- **DATA SEGMENT**
=-=-=-=-=

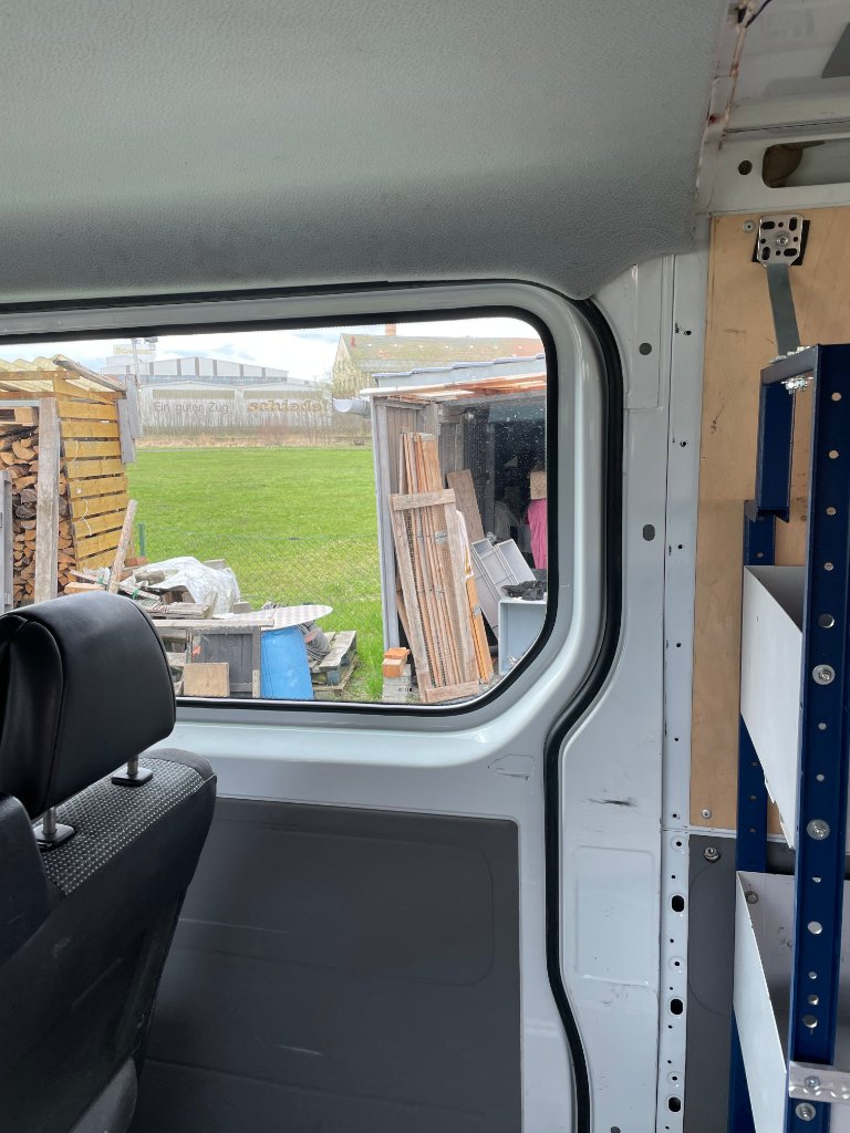 Da wir vorn keine Drehsitze haben und auch dank Doppelsitzbank nicht zwischen den Sitzen nach hinten gehen können, werden wir die Trennwand so behalten und dort unseren Küchenblock befestigen.
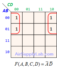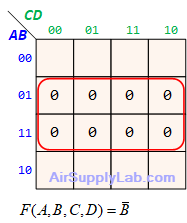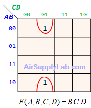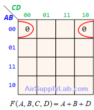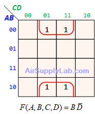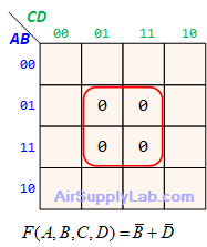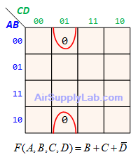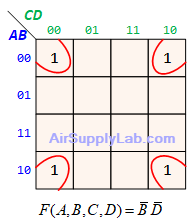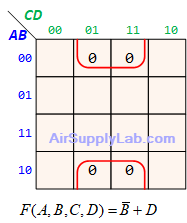 - $(\overline A + B + \overline D ) \cdot (\overline A + \overline B + \overline C ) \cdot (\overline A + \overline B + C) \cdot (\overline B + C + \overline D )$
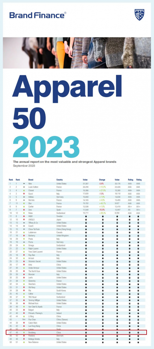 根据国际五大品牌价值评估权威机构之一Brand Finance公布的「2022全球最具价值服饰品牌排行榜50强(Brand Finance Apparel 50 2022)」,波司登品牌再次入选,并提升名次,位列服饰品牌榜第48名,这也是波司登坚持做时代品牌最好的回报。

=-=-=-=-=

- **TO DO**
What you return must match the material above exactly, apart from its pictures.

- **RESPONSE TO THE TASK**
 Da wir vorn keine Drehsitze haben und auch dank Doppelsitzbank nicht zwischen den Sitzen nach hinten gehen können, werden wir die Trennwand so behalten und dort unseren Küchenblock befestigen.
 - $(\overline A + B + \overline D ) \cdot (\overline A + \overline B + \overline C ) \cdot (\overline A + \overline B + C) \cdot (\overline B + C + \overline D )$
 根据国际五大品牌价值评估权威机构之一Brand Finance公布的「2022全球最具价值服饰品牌排行榜50强(Brand Finance Apparel 50 2022)」,波司登品牌再次入选,并提升名次,位列服饰品牌榜第48名,这也是波司登坚持做时代品牌最好的回报。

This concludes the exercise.